SOURCE DATA:
____________________
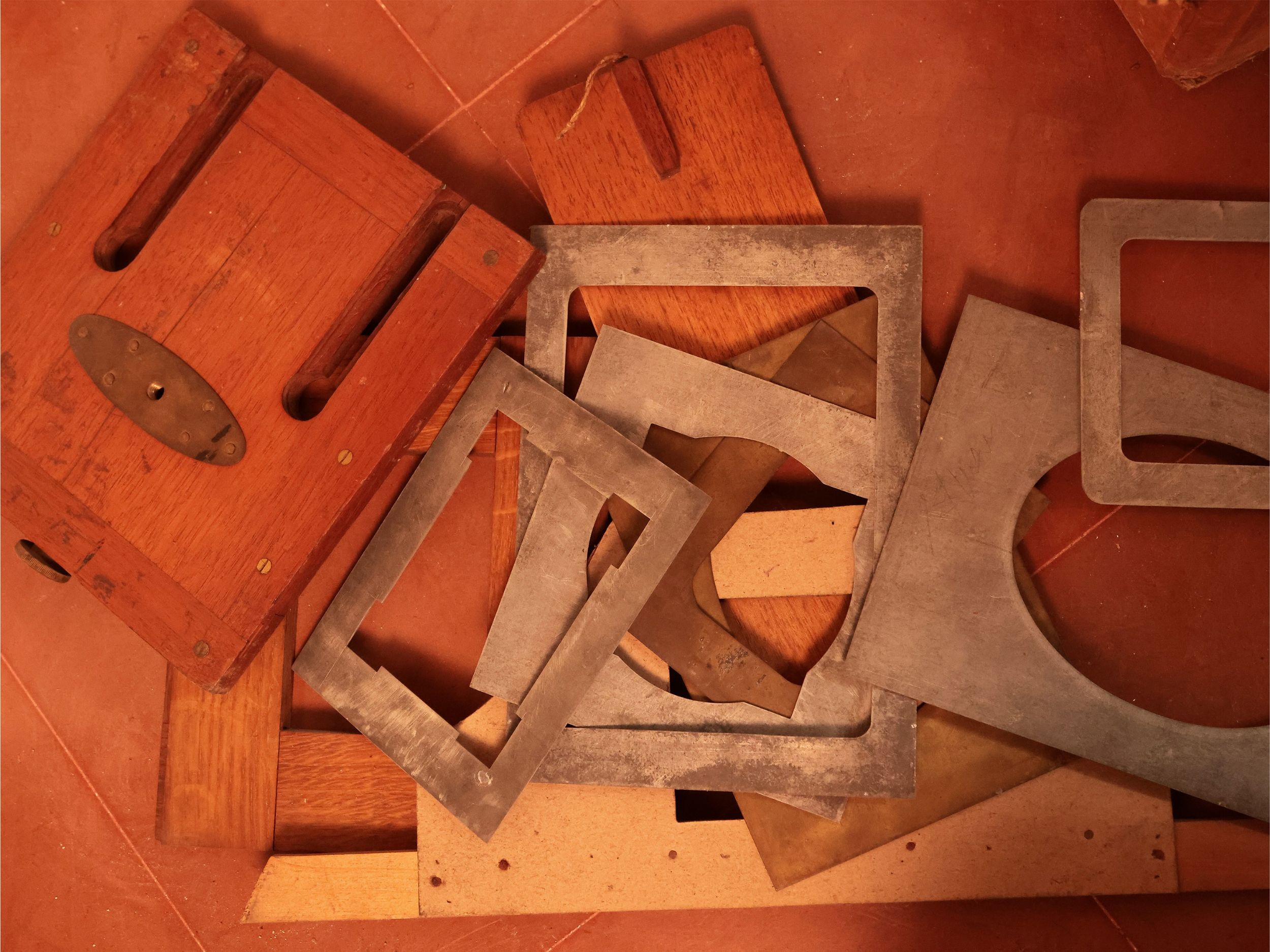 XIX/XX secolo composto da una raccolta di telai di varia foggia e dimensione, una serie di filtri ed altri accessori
____________________
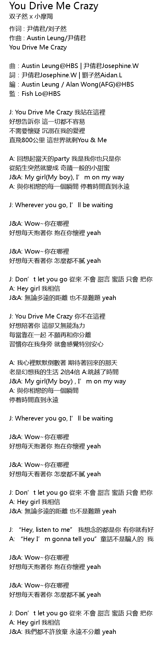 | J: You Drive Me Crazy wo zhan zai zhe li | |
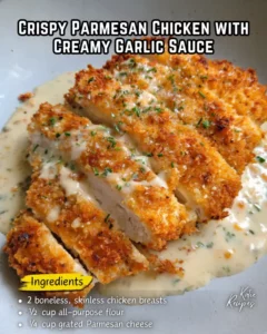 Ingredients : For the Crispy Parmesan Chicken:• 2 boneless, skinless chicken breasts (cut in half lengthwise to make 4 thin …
____________________
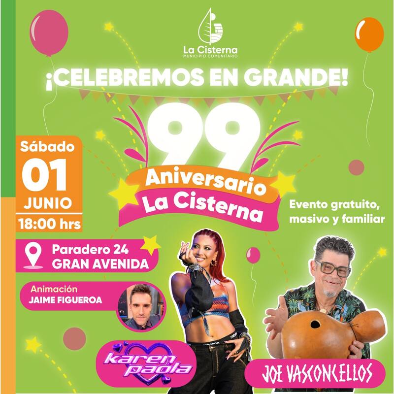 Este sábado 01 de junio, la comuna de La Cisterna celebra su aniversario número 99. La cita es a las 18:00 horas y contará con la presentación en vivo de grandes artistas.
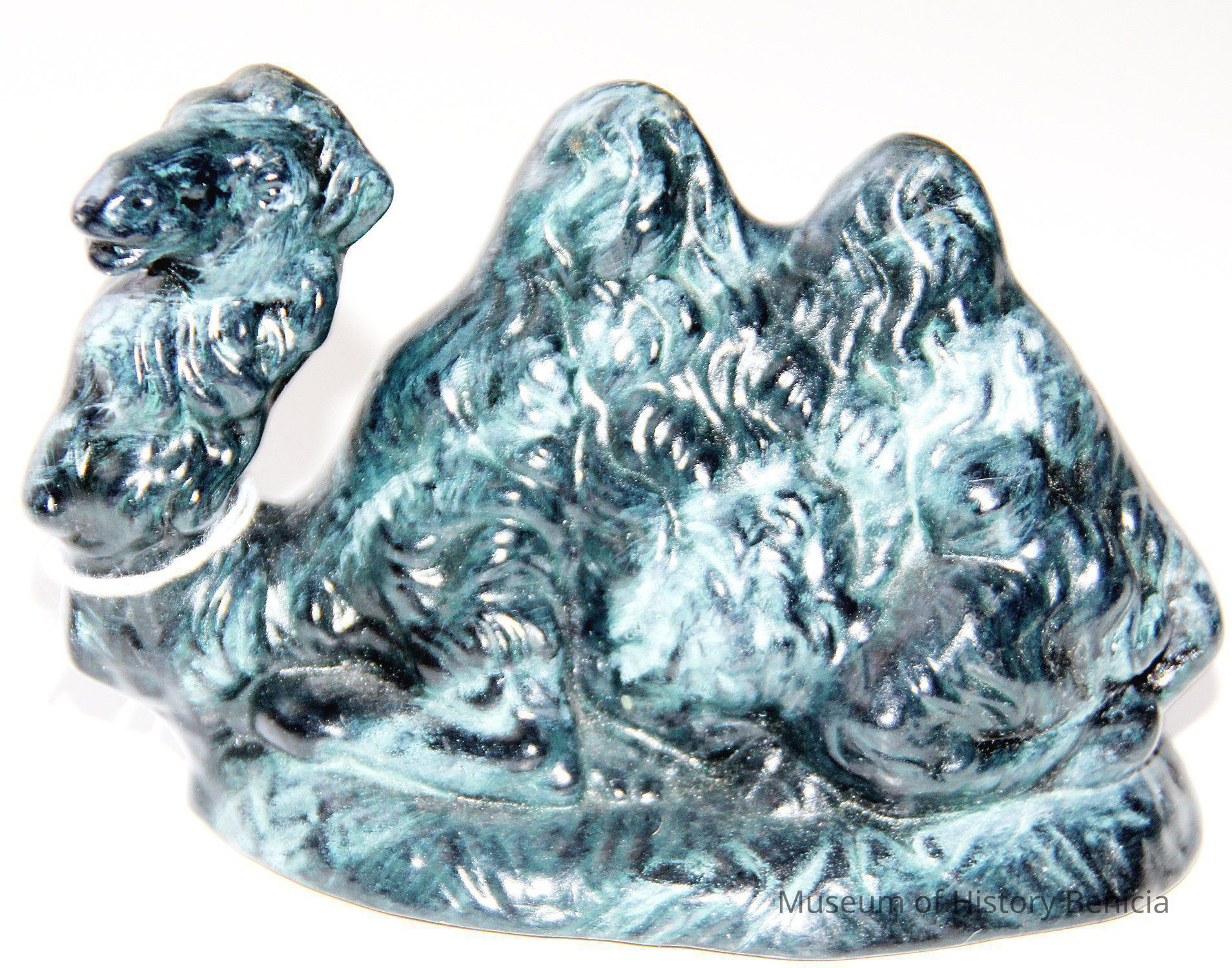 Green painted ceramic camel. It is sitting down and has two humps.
____________________
TASK BRIEF: Above are some entries; copy exactly the lines from the line with "zai zhe li | |" through the line with "Ingredients : For", both included, but none of the pictures.

RESULT OF THIS EXERCISE:
 | J: You Drive Me Crazy wo zhan zai zhe li | |
 Ingredients : For the Crispy Parmesan Chicken:• 2 boneless, skinless chicken breasts (cut in half lengthwise to make 4 thin …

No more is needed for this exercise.